For pediatric patients, the anti-HBs [+] rates were relatively stable at approximately 60%, but the anti-HBc [+] rates increased significantly with age.
New research is beginning to shed light on the transmission route of hepatitis B virus [HBV] in endemic areas.
A team, led by Xiao-Qun, Zheng, Department of Clinical Laboratory, The Second Affiliated Hospital and Yuying Children's Hospital of Wenzhou Medical University, examined the prevalence and transmission route of HBV in China for both adult and pediatric patients.

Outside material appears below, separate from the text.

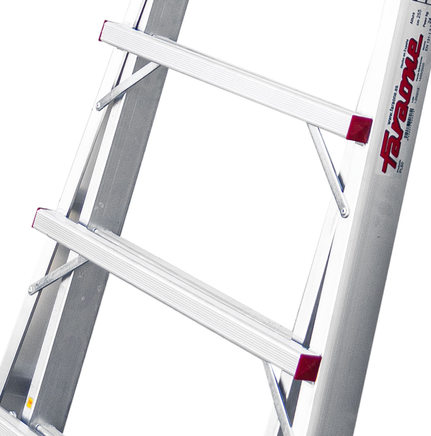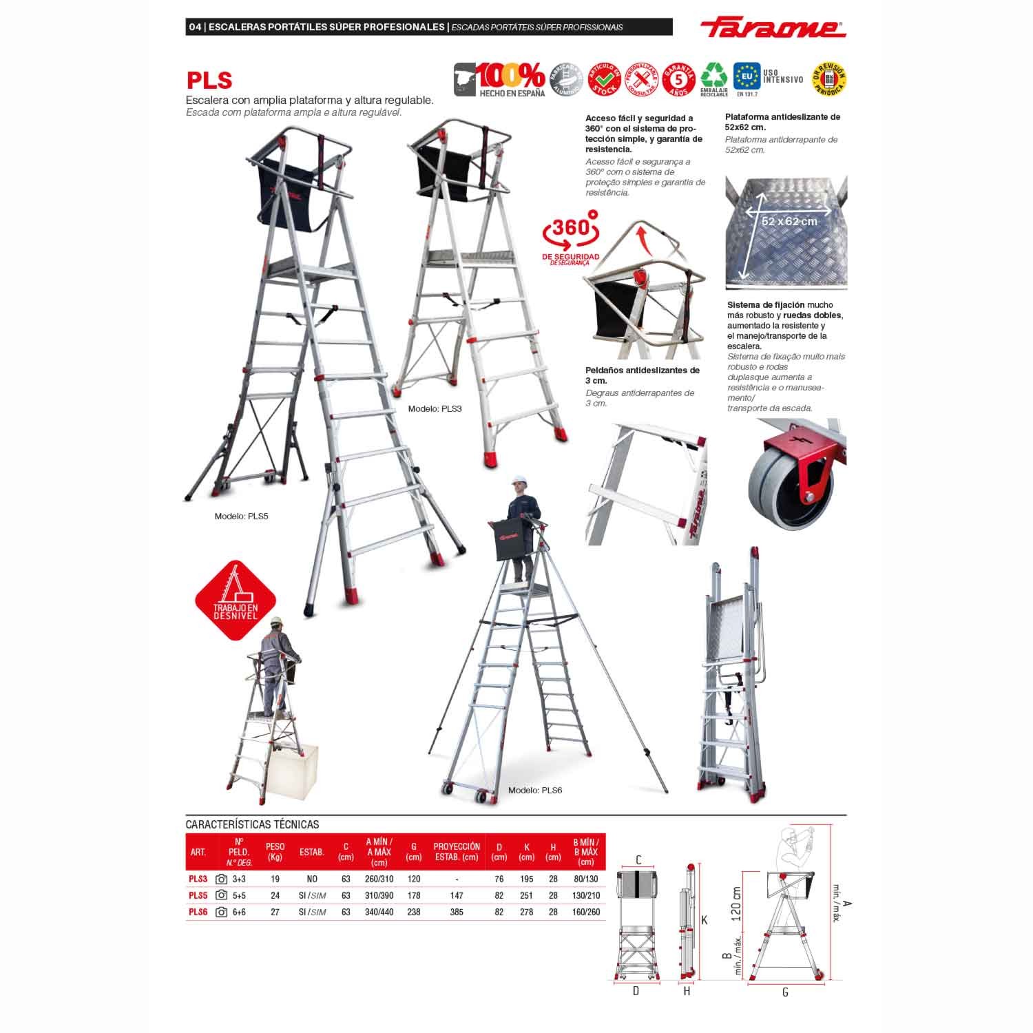La PLS est une échelle généralement utilisée sur les chantiers par les professionnels qui souhaitent travailler avec une échelle légère, facile à transporter et sûre. De plus, elle dispose de deux stabilisateurs rétractables qui garantissent la sécurité du travailleur.

Transmission Routes of HBV
While HBV is extremely common, the transmission route is not fully understood. However, in China there is an 18-year implementation of free HBV vaccines for pediatrics, which has greatly reduced the prevalence of the virus and could serve as a real-world model for assessing the pattern of HBV transmission.

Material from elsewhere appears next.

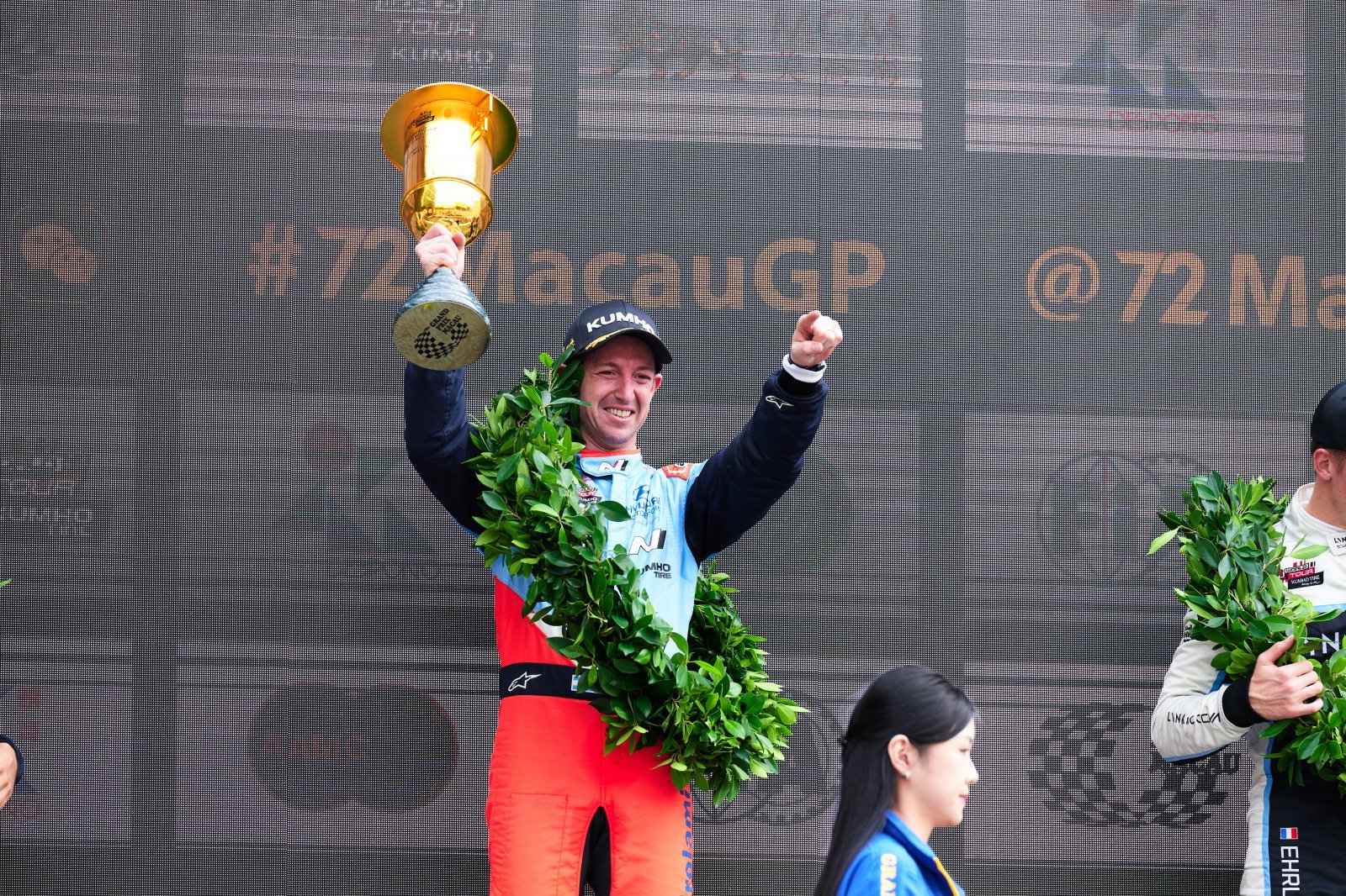 BRC 현대 N 스쿼드라 코르세 팀 소속 네스토르 지로라미 선수가 ‘2025 TCR 월드투어’ 마카오 대회에서 우승을 차지하고 포디움에서 기뻐하는 모습. 사진제공 |현대차

In the cross-sectional study, the investigators examined data on HBV seromarkers between July 2019 and April 2020. Overall, they collected data from 53,371 patients aged 1-60 years in 4 areas from North to South in Eastern China.
Longitudinal Data
The investigators collected longitudinal data of HBV seromarkers between 2007 and 2020 from 177 adults in South China and analyzed the regional and age-specific changes in HBV seromarkers.
The results show significant increases in both positive rates of HBV surface antigen [HBsAg] between 3.44%-15.1% and antibodies against HBV core antigen [anti-HBc] from 7.6%-44.0% from North to South.
For adult patients included in the cohort, the positive rates of antibody against HBsAG [anti-HBs] and anti-HBc [+] remained at low levels in the North. However, there were increasing among individuals older than 12 years in the South despite higher positive rates of anti-HBs [+].
For pediatric patients, the anti-HBs [+] rates were relatively stable at approximately 60%, but the anti-HBc [+] rates increased significantly with age.
In addition, up to about 80% of the anti-HBs [+] adults in the South was anti-HBc [+], compared to 13.6% in the North.
The longitudinal cohort showed the anti-HBc [+] rate among adults in the South increased by 14.2% during the 10 year follow-up period.
“Horizontal transmission might be a common route in highly endemic areas, and may help to explain the high HBV exposure worldwide,” the authors wrote. “The risk of horizontal transmission among children without seroprotective anti-HBs should be notified in highly endemic areas.”
New Screening Reccomendations
Earlier this year, the US Centers for Disease Control and Prevention [CDC] released new guidelines for HBV vaccination, calling for universal HBV vaccination for all adults aged 19-59 years in the US.
The CDC said in the Morbidity and Mortality Weekly Report [MMWR] that the decision is based on 4 decades of safety, immunogenicity, and efficacy data on the HBV vaccine, but with suboptimal coverage in the US.
Last November, the Advisory Committee on Immunization Practices [ACIP] first made the recommendations for universal vaccinations within that age group, while removing the risk factor assessment previously in place to determine vaccine eligibility.
The reccomendations are the result of more than 2 years of work evaluating the incidence of hepatitis B, morbidity related to hepatitis B, mortality related to hepatitis B, and vaccine-related serious adverse events.
The study, “Horizontal transmission might be a common route of hepatitis B virus exposure in highly endemic areas,” was published online in the Journal of Medical Virology.